September 24, 2011 - 4:18pmThis Comment
According to those studies that I have read, that I quoted, mercury in the hair meant the child was excreting it from the body, so finding it in the tissues and hair is not surprising, it just means that the unborn child is excreting some of it which is obviously evidence of exposure from the mother.
And another thing, *I* personally am not arguing anything, I am a writer and I am reporting on possible causes of autism. I didn't conduct the research studies myself, I am reporting on what researchers have said on the matter. I personally believe that autism is caused by a variety of factors, mercury being one of them.
September 25, 2011 - 7:04amThis Comment
Mercury is not excreted from the body to the hair. Mercury in the hair is the same as the mercury in the blood at the time the hair was growing. When mercury is excreted in feces both blood and hair levels decline. This has been known for decades.
"Several studies suggest that infant animals may be more sensitive to toxic insult from methylmercury than adults. In our experiment, newly born infant monkeys were given equivalent daily doses of body weight orally in the form of methylmercury for more than 60 weeks. Data revealed that after weaning at 200 days, both blood and hair mercury showed a sudden drop which was accompanied by an increase in fecal mercury excretion." http://www.sciencedirect.com/science/article/pii/0378427483902084
Holmes et al (2003) claimed the opposite; that low levels of mercury in the hair was evidence of the body retaining mercury, the children were poor excretors and thus poisoned by low levels of mercury that were excreted by normal controls.
You cited Holmes et al (2003) approvingly in an earlier article when you argued that,
"the neurologically normal babies who had been exposed to mercury in the womb via their mother’s fillings or anti-D injections, and after birth in the form of vaccines, had a higher level of mercury showing in their hair. Autistic babies exposed to the same things did not show this same level of mercury because they hadn’t excreted it from their bodies." https://www.empowher.com/autism/content/autisms-theoretical-causes-genetics-and-metabolism-editorial?page=0,2
Now you are arguing that high levels of mercury in children's hair are also evidence of mercury poisoning. So which is it to be?
And if you are a writer reporting on possible causes of autism rather than an advocate for a particular cause of autism, shouldn't you be reporting on the science that contradicts the claims you are reporting on in your articles?

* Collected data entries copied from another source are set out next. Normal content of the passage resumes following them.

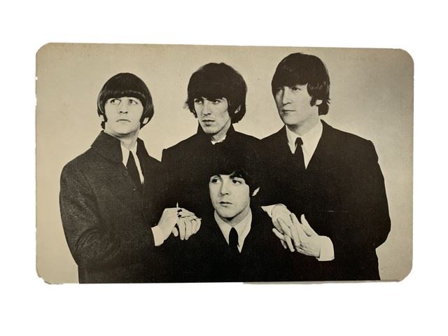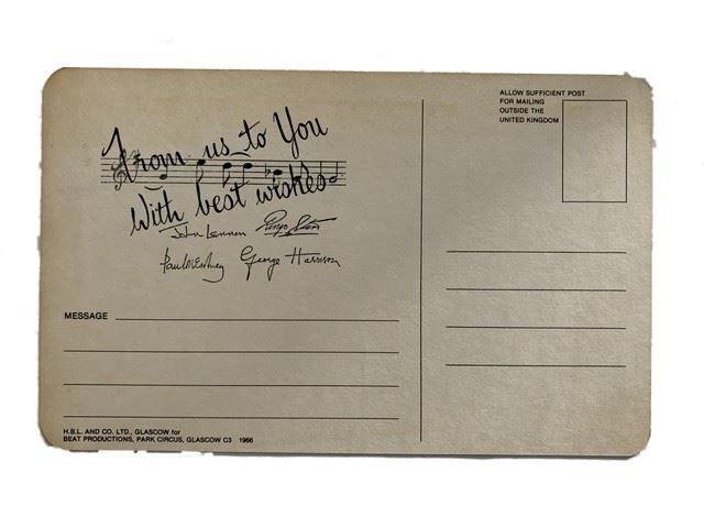 Very rare black and white photo of the Beatles on a postcard from England, 1966. Includes printed signatures of each member. Text on the back says "From us to You with best wishes" on musical notes. Postcard from Beat Productions, Park Circus, Glascow. (8"x5").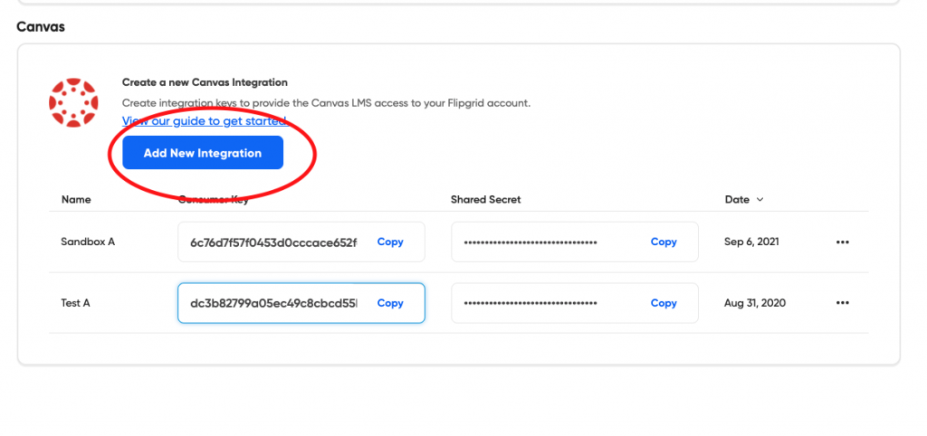 2. Scroll down and Select “Add New Integration”. It will generate a line with a consumer and shared secret key as in the example below. I recommend doing this for each different course you choose.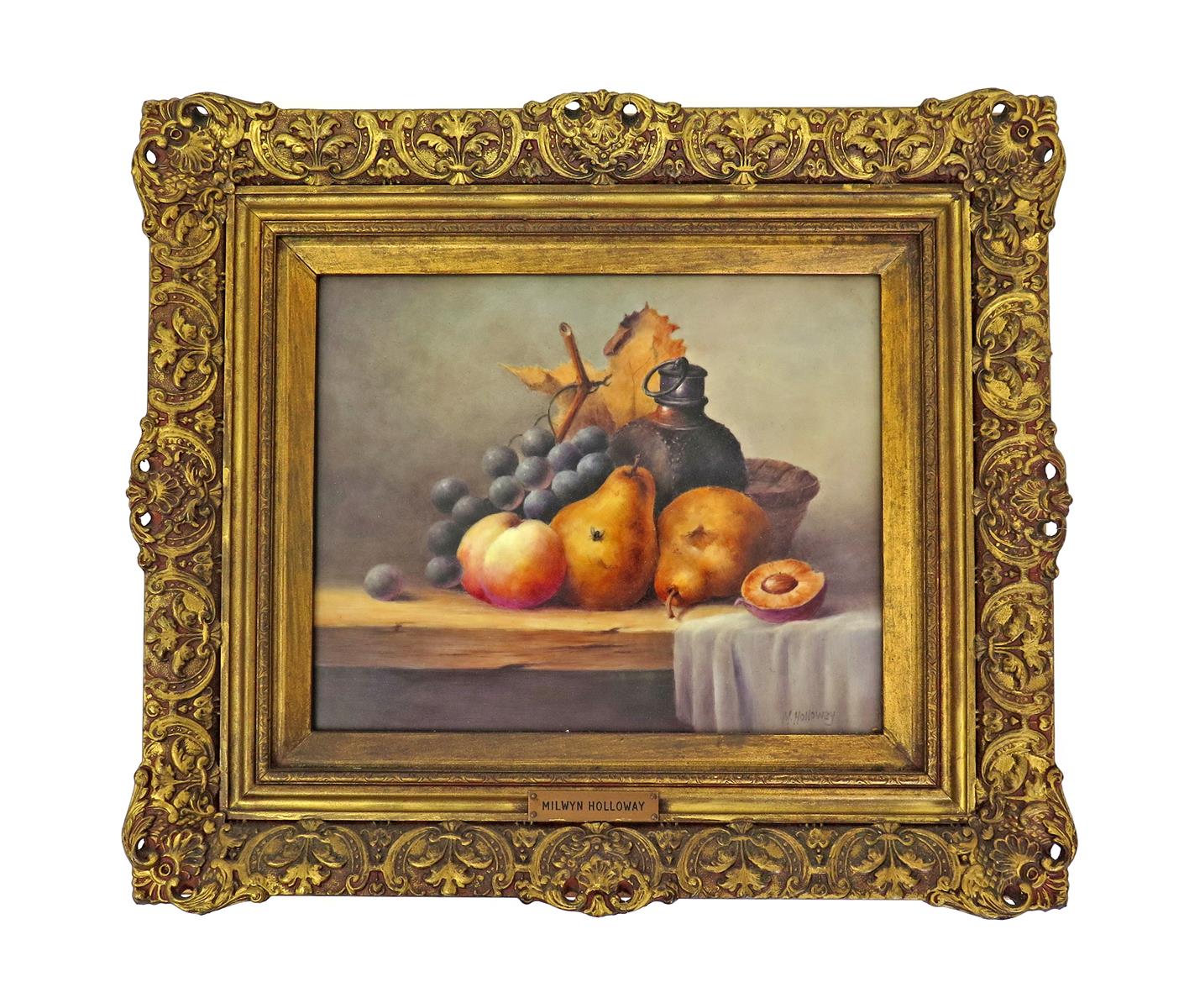 A Milwyn Holloway porcelain plaque modern, painted with an arrangement of fruit on a wooden table, a small fly alighted on a pear, a cut peach resting on the edge of a white linen tablecloth, signed, within a titled gilt wood frame, the plaque 20cm x 24.5cm.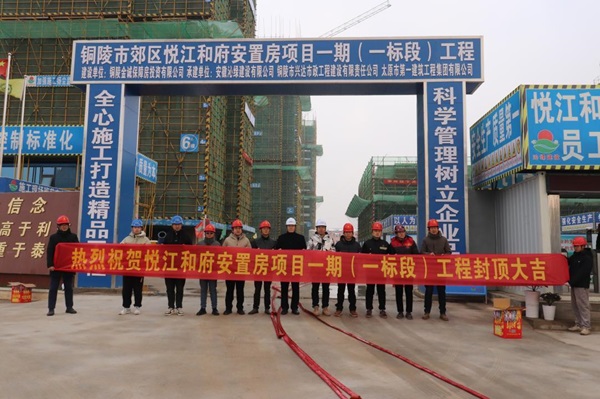 12月20日上午,在銅陵市郊區老洲鎮政府以北、沙池大道以西,一場熱鬧的封頂儀式在悅江和府安置房項目一期(一標段)工程現場舉行。隨著一陣喝彩聲,工人們開始澆筑混凝土,標志著該項目完成了整體封頂的重要里程碑。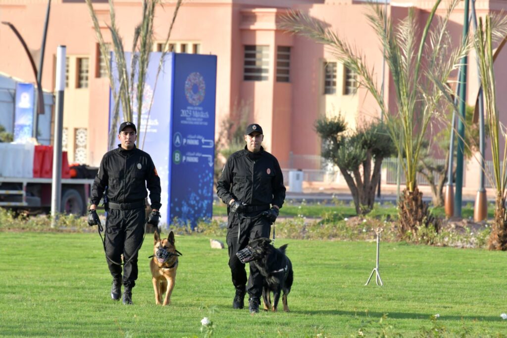 كما يتم استغلال هذا التجمع الكامل للقوات العمومية لإجراء تمرين محاكاة للترتيبات الأمنية، يقيس استعداد كل الوحدات والفرق الشرطية ومدى استيعاب دورها في هذا العمل النظامي، بالإضافة إلى اختبار آليات التنسيق وسلسلة اتخاذ القرار ونقله وتنفيذه بين القطاعات الأمنية، وكذا اختبار مدى استجابة القوات العمومية لبروتوكولات الاستجابة لحالات الطوارئ. العمليات الميدانية.. تخصصات شرطية بحجم التحديات مواكبة للمعايير المعتمدة على الصعيد الدولي في تأمين التظاهرات الكبرى، اعتمدت أجهزة الأمن المغربية لتأمين القرية التي تحتضن الاجتماعات السنوية لصندوق النقد الدولي والبنك الدولي بمنطقة “باب إغلي” بمراكش مستويات عدة من المراقبة الأمنية.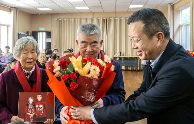 活动现场暖意融融,来兴平、黄英维亲手为老寿星和金婚伉俪佩戴象征吉祥的红围巾,送上娇艳鲜花与定格美好瞬间的纪念照,将学校的心意传递到每位老同志心中。老寿星代表褚维盘老师、金婚伉俪代表王斗虎老师先后发言,真挚感谢学校长期以来的关心与关照,表示将继续以多种形式关注学校发展,为学校建设发挥余热。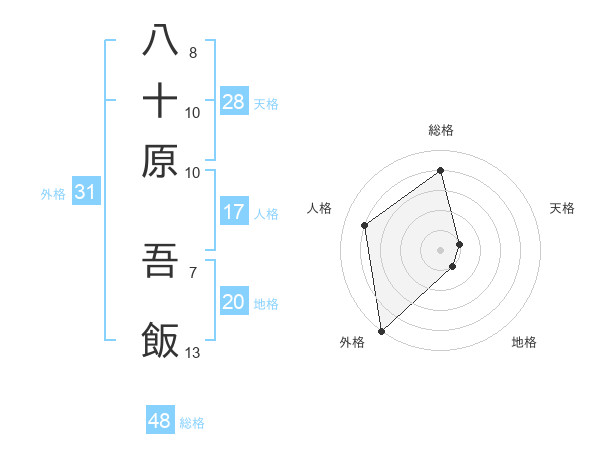 八十原 吾飯さんを姓名の画数から五運を鑑定
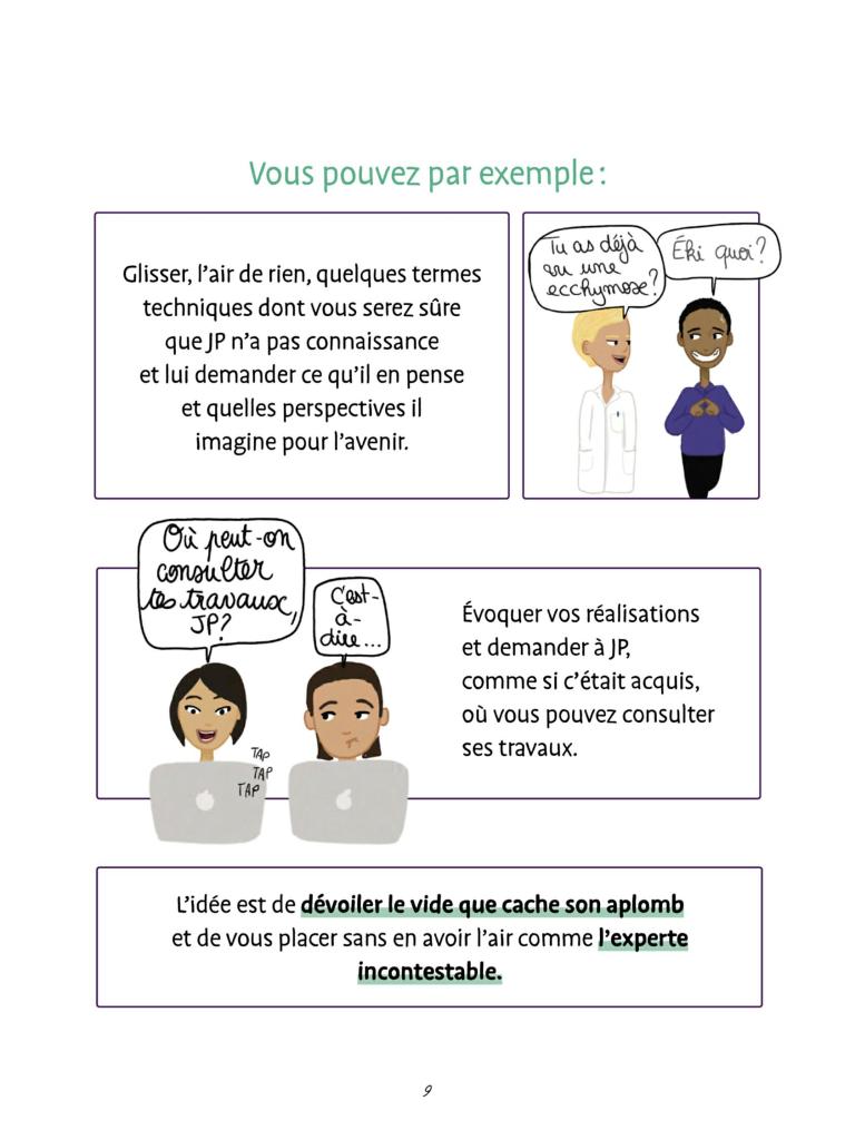 Sous forme de saynètes humoristiques, cet ouvrage aborde les concepts de mansplaining, quand l’homme explique à une femme comment s’exprimer et comment penser de manière condescendante, de manterrupting, quand un homme coupe systématiquement la parole à une femme qui tente de s’exprimer, le manspreading quand l’homme prend ses aises dans les lieux publics notamment dans les transports en communs.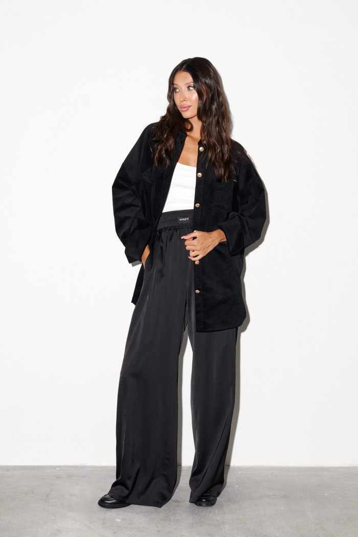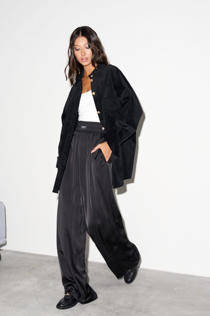 Брюки прямого свободного кроя выполнены из струящейся ткани черного цвета. Характеристики: прямой крой, эластичная резинка с брендированной нашивкой, боковые карманы, . Длина брюк по боковому шву 115 см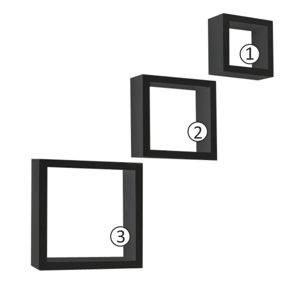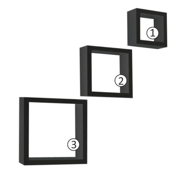 Poliţe, 3 buc., negru, KVADRO NEW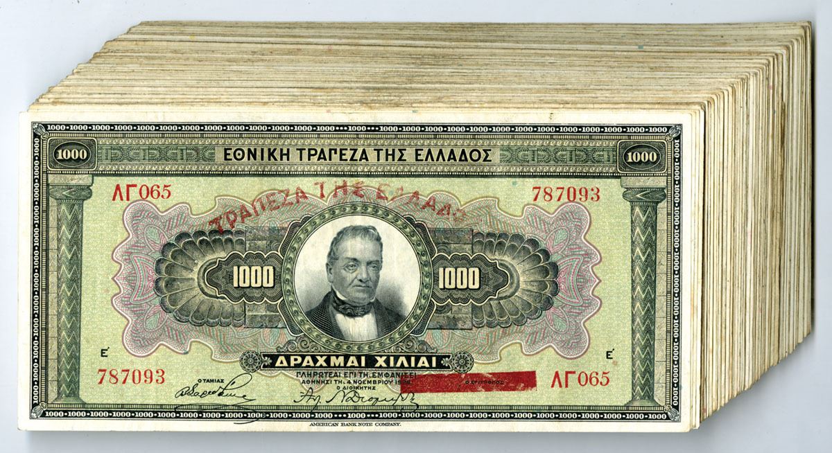 Greece, 1926. 1000 Drachmai, P-100, Issued Banknote Assortment, Black on green and m/c underprint with portrait of G. Stavros at center, Back is blue and pink underprint with stone carving at center with new bank name in curved writing at top. Notes range from Fine to VF condition. (80+). Sold "AS IS" no returns accepted.
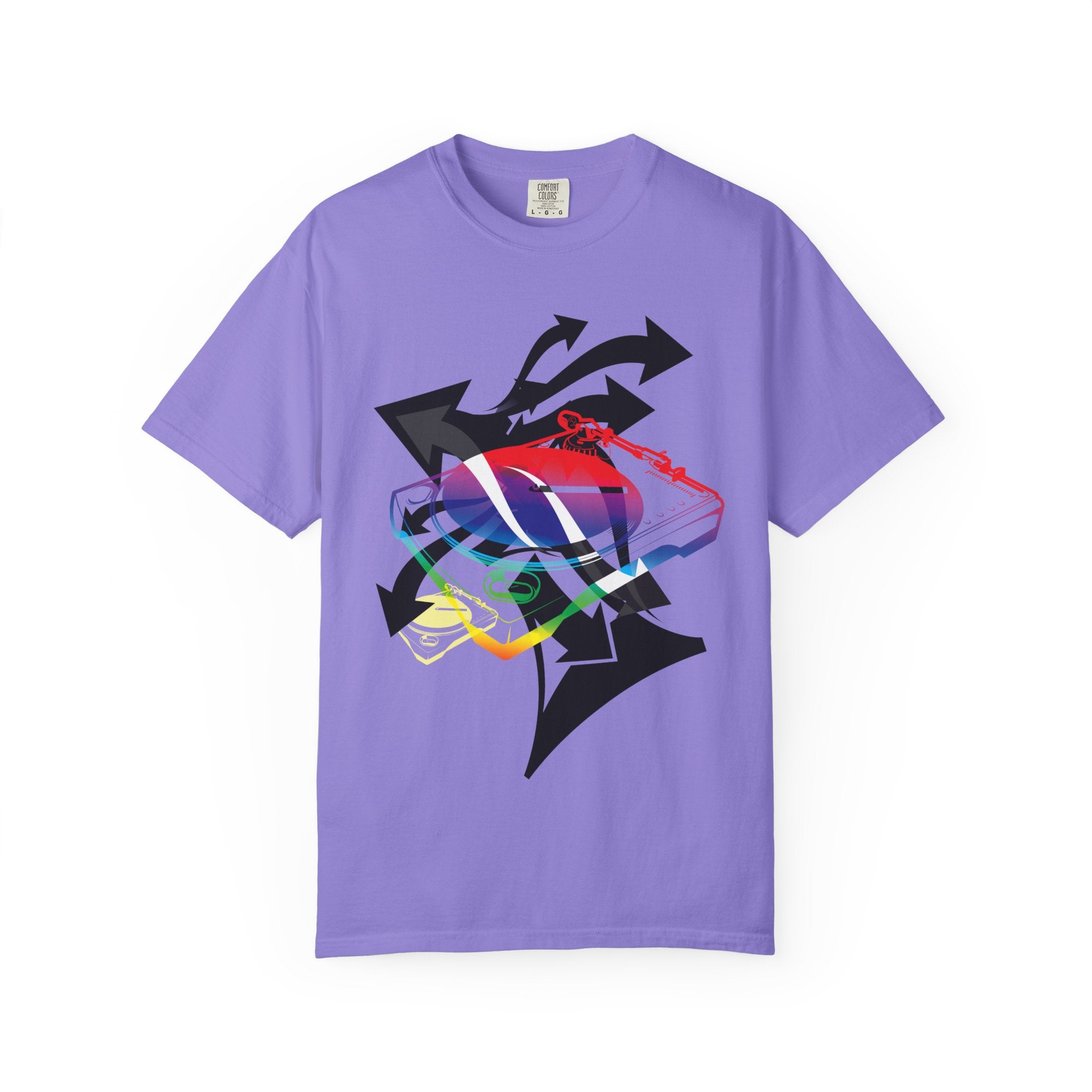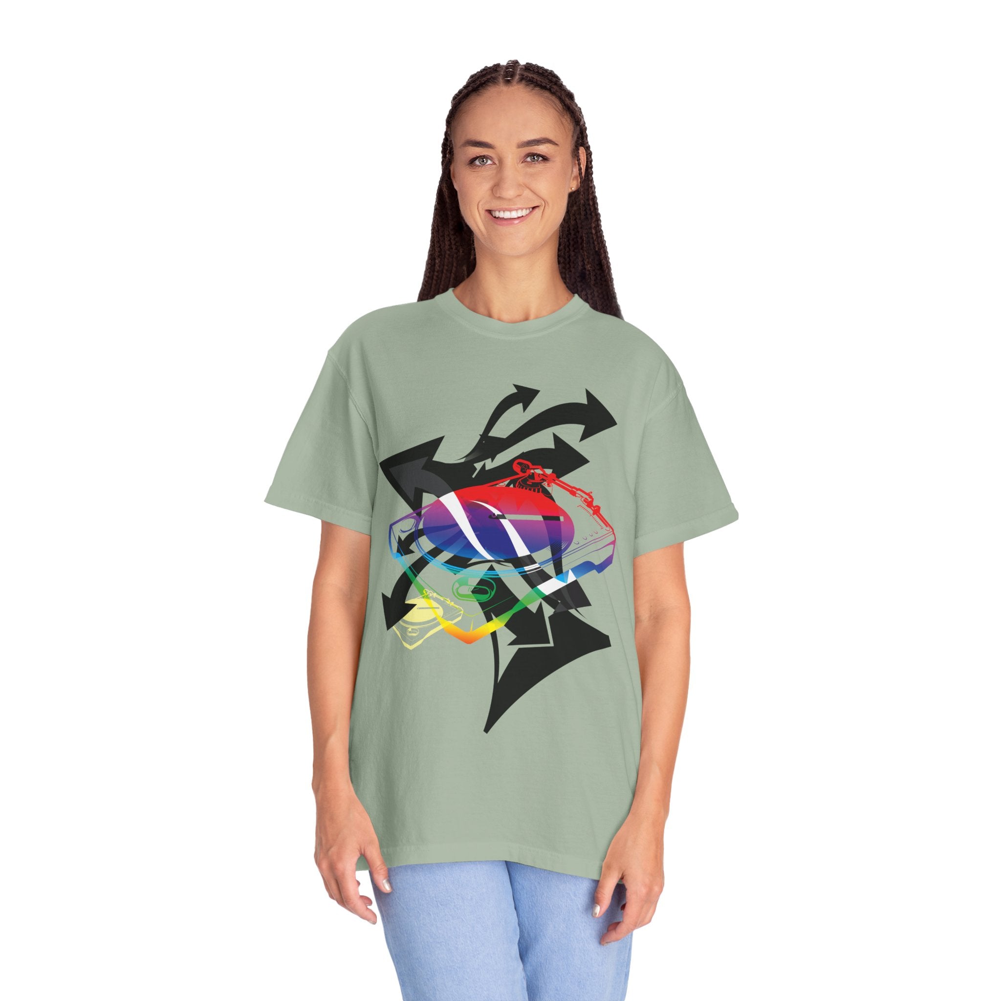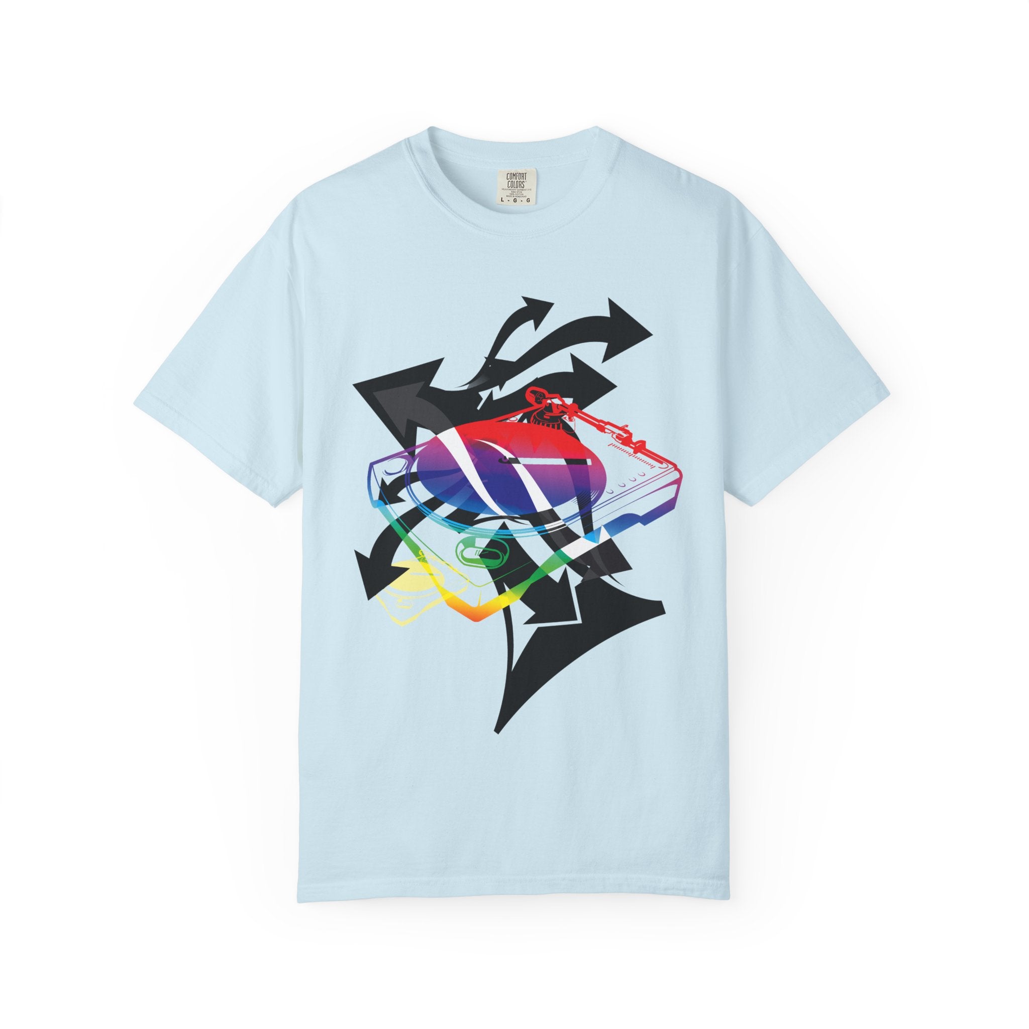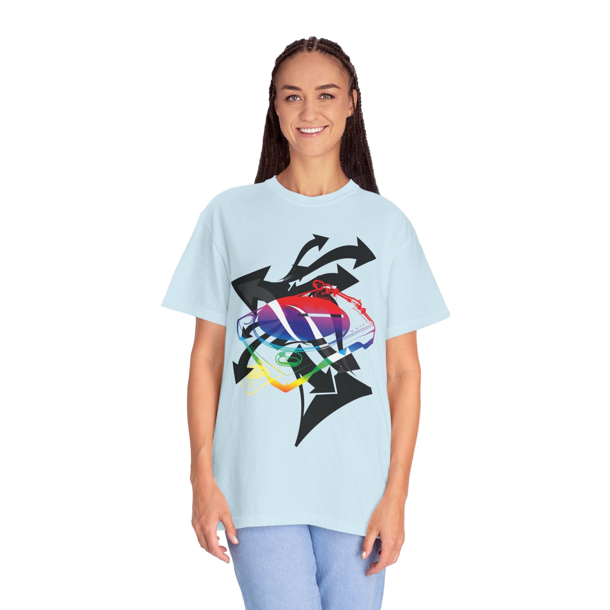 A soft, garment-dyed tee that blends playful street energy with subtle retro colorwork. A layered graphic — a stylized sneaker washed in rainbow hues and framed by bold directional arrows — sits centered on a relaxed white tee, giving casual outfits an offbeat, expressive focal point. The medium-weight cotton feels lived-in from the first wear; the relaxed fit and tubular knit let it hang easily over jeans or layered under a jacket. Wear it when you want to nod to skate and sneaker culture without shouting, or bring a splash of color to a low-key day out or an evening at a show.

September 25, 2011 - 3:19pmThis Comment
I said it's evidence of mercury EXPOSURE from the mother. The study is exploring whether babies exposed to mercury in the womb then go on to have neurodevelopmental disorders. And if it's still in the tissues then it obviously hasn't been completely excreted.
The study did say that mercury in the hair meant the child was excreting it. If you want to say that isn't true, go and argue with the scientist who reached that conclusion.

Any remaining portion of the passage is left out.